§ Material provided:
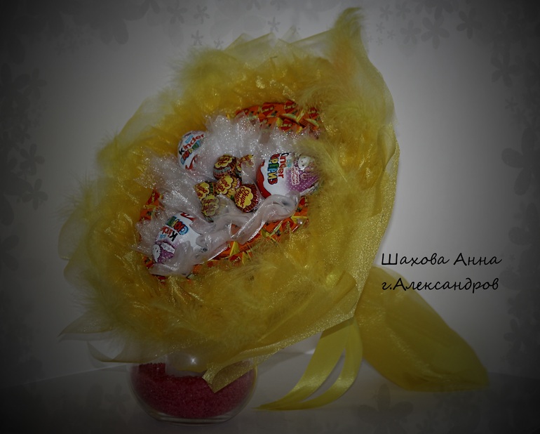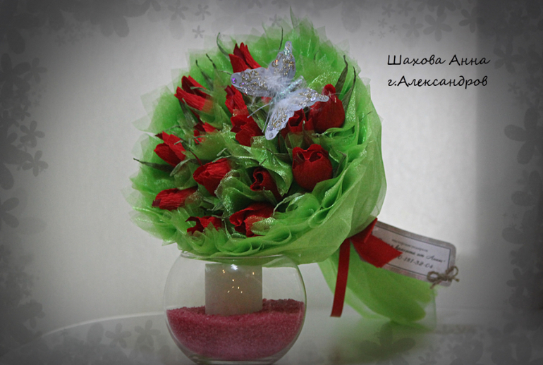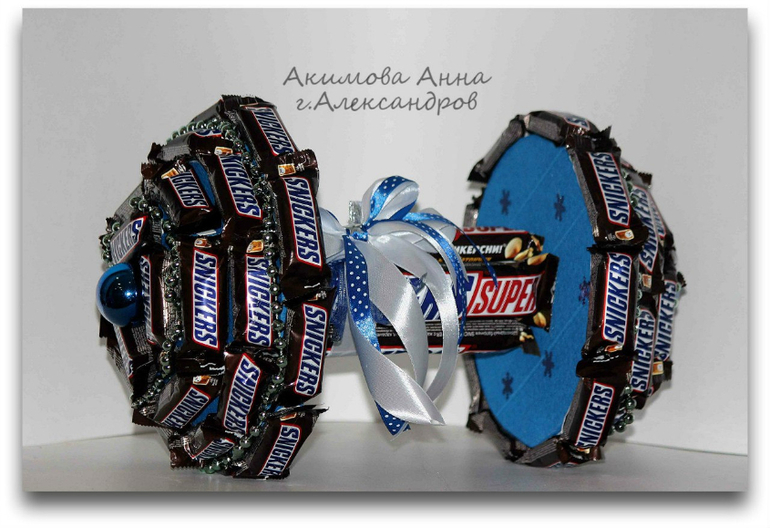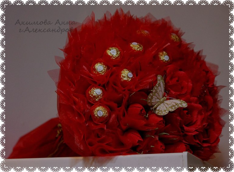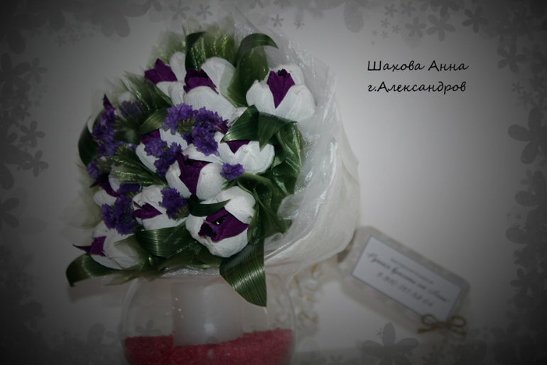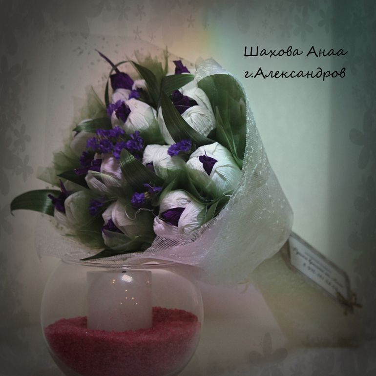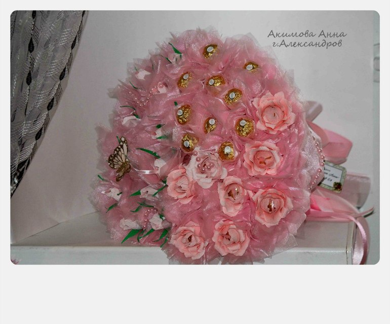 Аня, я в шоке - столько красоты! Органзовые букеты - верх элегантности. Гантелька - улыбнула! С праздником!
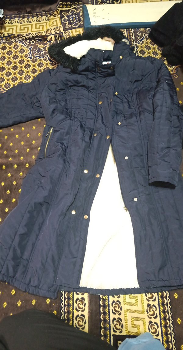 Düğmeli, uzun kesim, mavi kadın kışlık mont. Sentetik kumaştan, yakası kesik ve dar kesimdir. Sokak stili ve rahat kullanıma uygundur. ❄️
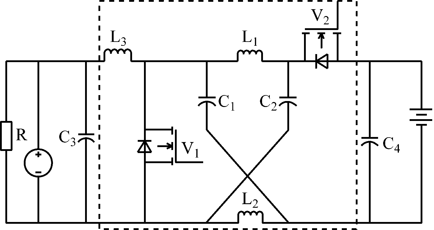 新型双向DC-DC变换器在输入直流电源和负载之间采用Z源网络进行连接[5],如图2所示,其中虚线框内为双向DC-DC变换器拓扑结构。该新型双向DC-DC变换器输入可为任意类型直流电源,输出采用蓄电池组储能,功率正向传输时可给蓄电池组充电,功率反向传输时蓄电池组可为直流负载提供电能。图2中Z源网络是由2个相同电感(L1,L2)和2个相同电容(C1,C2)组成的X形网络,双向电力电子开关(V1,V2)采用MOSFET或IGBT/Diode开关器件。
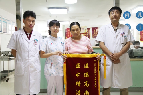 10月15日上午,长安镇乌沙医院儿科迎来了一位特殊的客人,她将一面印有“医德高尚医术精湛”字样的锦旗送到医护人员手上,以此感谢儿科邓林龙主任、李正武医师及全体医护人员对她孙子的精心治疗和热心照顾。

§ About this task: From the first line to the last, output the data exactly; skip any pictures.

§ Answer space:
 Аня, я в шоке - столько красоты! Органзовые букеты - верх элегантности. Гантелька - улыбнула! С праздником!
 Düğmeli, uzun kesim, mavi kadın kışlık mont. Sentetik kumaştan, yakası kesik ve dar kesimdir. Sokak stili ve rahat kullanıma uygundur. ❄️
 新型双向DC-DC变换器在输入直流电源和负载之间采用Z源网络进行连接[5],如图2所示,其中虚线框内为双向DC-DC变换器拓扑结构。该新型双向DC-DC变换器输入可为任意类型直流电源,输出采用蓄电池组储能,功率正向传输时可给蓄电池组充电,功率反向传输时蓄电池组可为直流负载提供电能。图2中Z源网络是由2个相同电感(L1,L2)和2个相同电容(C1,C2)组成的X形网络,双向电力电子开关(V1,V2)采用MOSFET或IGBT/Diode开关器件。
 10月15日上午,长安镇乌沙医院儿科迎来了一位特殊的客人,她将一面印有“医德高尚医术精湛”字样的锦旗送到医护人员手上,以此感谢儿科邓林龙主任、李正武医师及全体医护人员对她孙子的精心治疗和热心照顾。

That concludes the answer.